ABSTRACT

This study estimates the carbon storage potential of interbedded shales and carbonate rocks (cyclothems) in the Pennsylvanian Lansing and Kansas City groups (LKC) on the Cambridge arch in southwestern Nebraska. This effort is essential to the development of a CO2 storage strategy for the Integrated Midcontinent Stacked Carbon Storage Hub project as part of the Department of Energy–National Energy Technology Laboratory’s Carbon Storage Assurance Facility Enterprise initiative. We present a static earth (SE) model representing the 250-ft (76-m)-thick LKCs.
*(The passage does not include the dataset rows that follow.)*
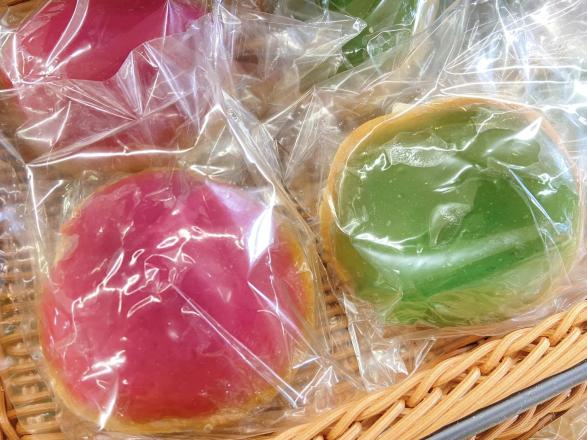 緑色は、クチナシやベニコウジなどの植物を使って色付けされており、安心安全の無添加素材で作られている身体にやさしいこだわりのパンです。
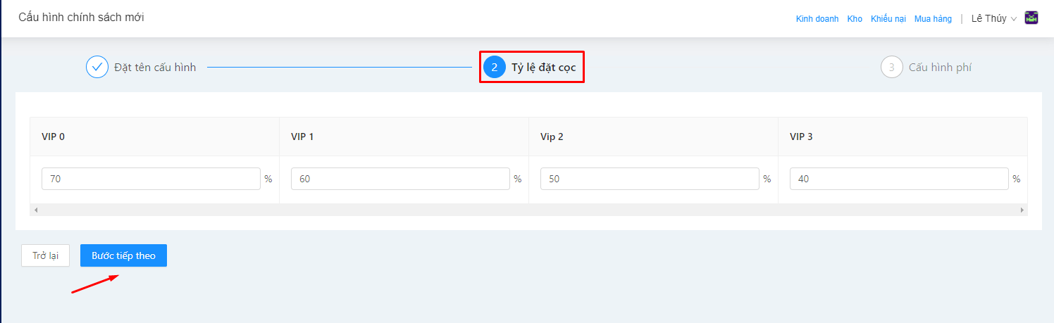 Quý khách cấu hình tỷ lệ đặt cọc cho từng cấp khách hàng.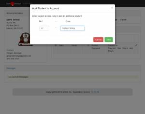 The second function you may perform is to add students to your account. Click on the green plus indicator to add an additional student. In order to add an additional student, you will need to have the student Reference-Code. After entering the reference code and pressing Save the student section will update with the current students. If a new one has been successfully added, he or she will appear here. If an error has occurred, a yellow message will appear at the top of the screen.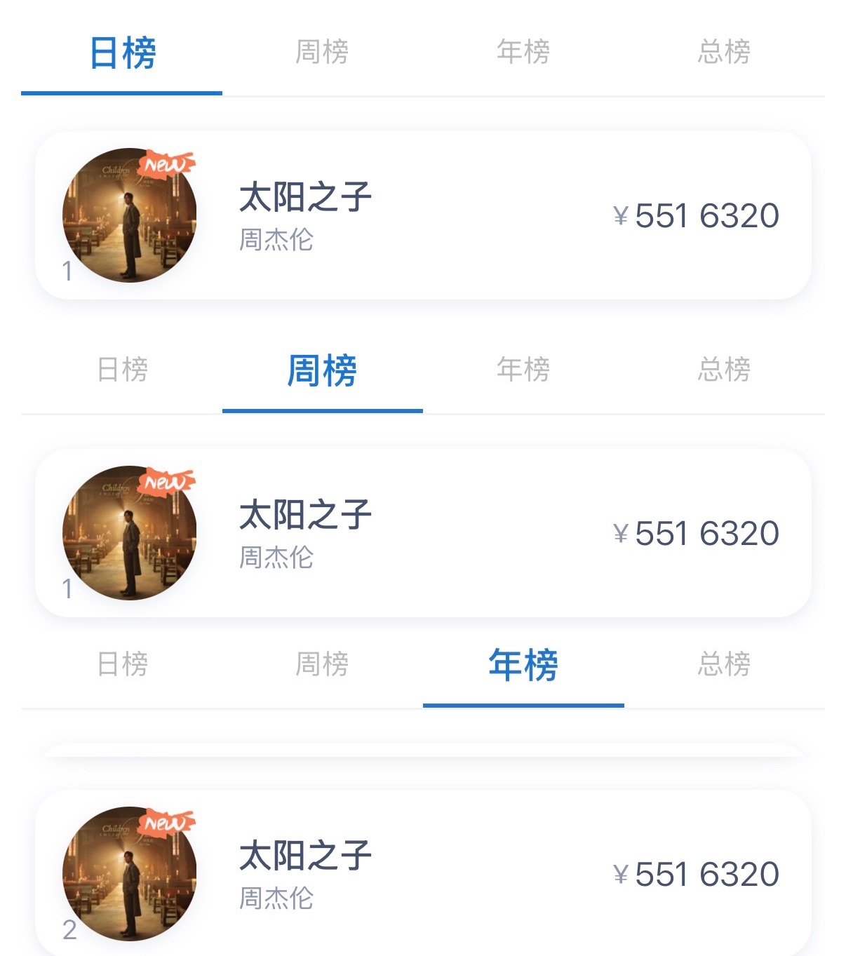 目前周杰伦新专辑太阳之子 全网销售额突破550万元。日榜,周榜第1️⃣年榜第2️⃣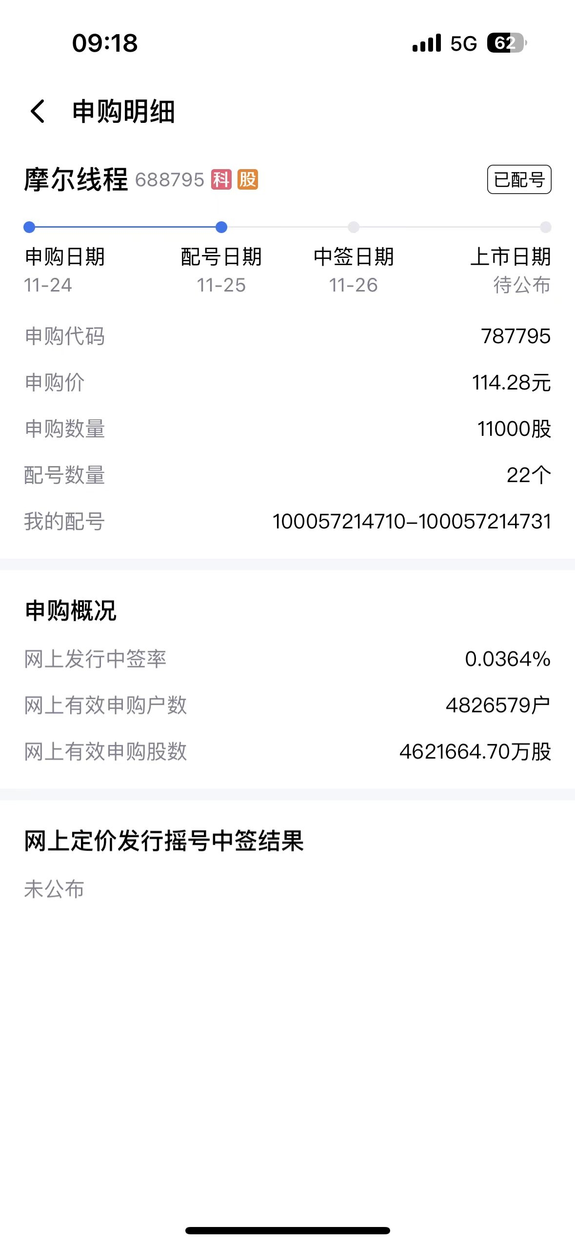 $摩尔线程(SH688795)$ 中签了
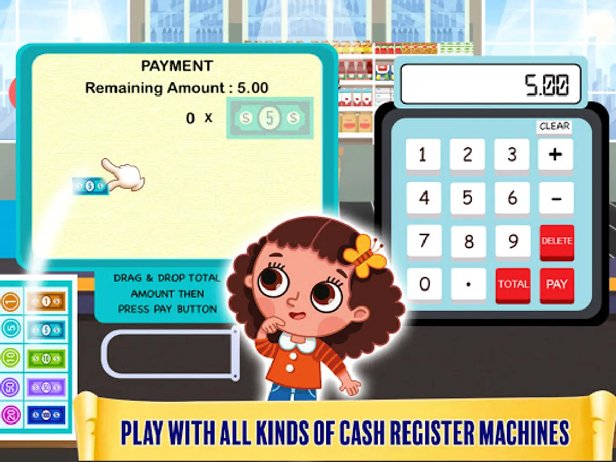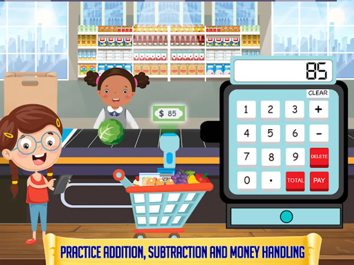 Be a cashier in your very own grocery store. Simulation money management game that improves math skills, cash handling and calculation in children. A cashier game with cash register which teaches how to operate the cash register in a store and serve the customers in time. Your dream of becoming Store Manager & Cash Register will finally come to life!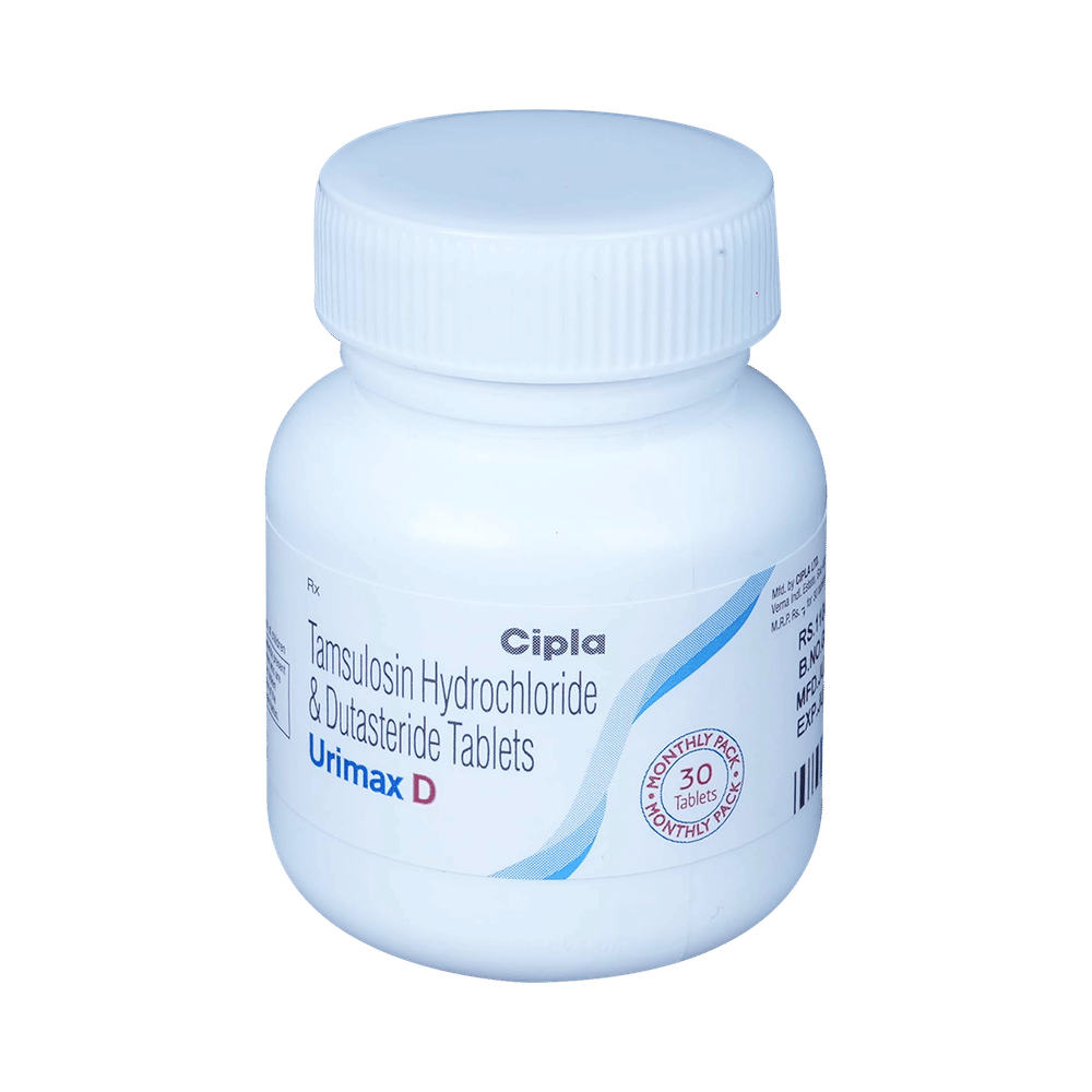 In Treatment of Benign prostatic hyperplasiaWhen your prostate gland becomes enlarged it can cause urinary problems such as difficulty passing urine and a need to go to the toilet frequently or urgently. It can also cause urine flow to be slower. If not treated, there is a risk that your urine flow will be completely blocked. Urimax D Tablet MR is a combination of two medicines: dutasteride and tamsulosin. Dutasteride reduces the size of your prostate by blocking the production of a hormone which causes it to grow. Tamsulosin works by relaxing muscles in the bladder and prostate. Together they can rapidly relieve the symptoms and make it easier for you to urinate. However, it may take up to 6 months to notice the full benefit. Take this medicine exactly as prescribed for maximum benefits.

This model is based on vintage (mostly pre-1970) well logs from the Sleepy Hollow field (Red Willow County, Nebraska) as well as a new (June 2019) stratigraphic test well drilled expressly for the purpose of the present study. Interpretations of advanced petrophysical logs and cores from this new well were crucial ingredients in the development of the geologic framework for SE model development. Gamma-ray (GR) logs readily differentiate carbonate and mudstone units within the LKC, allowing the differentiation of three GR facies for use in a facies model. Carbonate rock units, which are composed of multiple textures, were correlated across the field. We capture the heterogeneity of these carbonates during petrophysical modeling using effective porosity logs along with Gaussian random function simulation conditioned by the three-dimensional facies model. The SE model was used in computing carbon storage estimates for each LKC carbonate zone over an area of 1 mi2. In total, supercritical CO2 storage is estimated at 602,157 t/mi2 (232,494 t/km2) when using a deterministic saline storage efficiency factor of 0.1.